Qwen3 just released a new variant: Qwen3–235B-A22B-Instruct-2507. No launch event. No noise. But it quietly delivers one of the most capable open-source models we’ve seen this year. It improves performance, follows instructions better, and is optimized for real-world use.
My new book on Model Context Protocol is out now
Model Context Protocol: Advanced AI Agents for Beginners (Generative AI books)
Mixture of Experts: 235B Params, 22B at Runtime
It uses a Mixture-of-Experts (MoE) architecture. The model has 128 experts, but only 8 are active per token. That brings effective active size down to 22B, while still gaining from the larger network’s training capacity.
This matters: you get the scale of a large model without running it at full size. Lower cost, better throughput, easier to serve. It runs like a 22B, but thinks like something bigger.
Long Context: 262K Tokens
Qwen3 supports 262,144 tokens of context natively. This makes it useful for large documents, multi-turn conversations, legal texts, long-form code, and agent memory.
For comparison: most models still cap at 32K or 128K, often with tricks to fake longer contexts. Qwen3 handles long-range dependencies straight-up.
GQA for Efficient Attention
It uses Grouped Query Attention (GQA): 64 query heads and 4 key/value heads. The design improves memory usage and speeds up attention layers, especially at longer context lengths.
It’s a trade-off that reduces attention cost without giving up performance. Makes it more stable during inference too.
Instruct Variant
This version, Instruct-2507, is tuned to follow instructions properly.
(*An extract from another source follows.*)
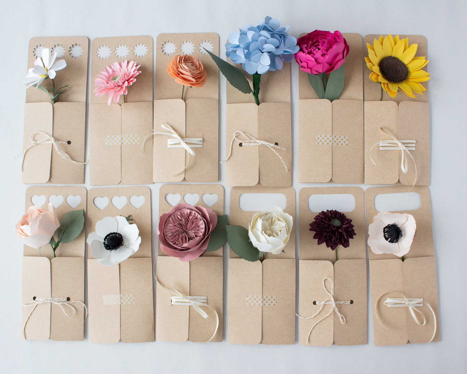Learn how to make beautiful packaging for your paper flowers with your Cricut or Silhouette cutting machine in this Mini Online Workshop. The included template makes 3 different flower holders with daisy cut out handle details. A hidden tab keeps the paper flower centered in the middle of the holder.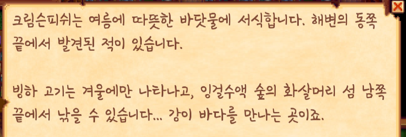 그리고 전설 물고기 위치도 알 수 있는 책도 있었는데요. 크림슨피쉬는 위치를 우연히 맞아떨어져서 알게 돼서 낚을 수 있었고요.

It handles multi-step queries, long-form reasoning, and structured prompts better than the base model.
The earlier version often missed parts of the prompt or responded vaguely. This one stays on-topic and gives direct answers. Alignment is better, without overdoing it.
Benchmarks: Better Across the Board

The model sees solid gains in real benchmarks:
- Reasoning: Improves scores on AIME25, ARC-AGI, ZebraLogic. These aren’t simple multiple-choice tests. They test logic and reasoning. This model holds up.
- QA: SimpleQA and CSimpleQA results jumped sharply. The instruct tuning helped it give factual, relevant answers.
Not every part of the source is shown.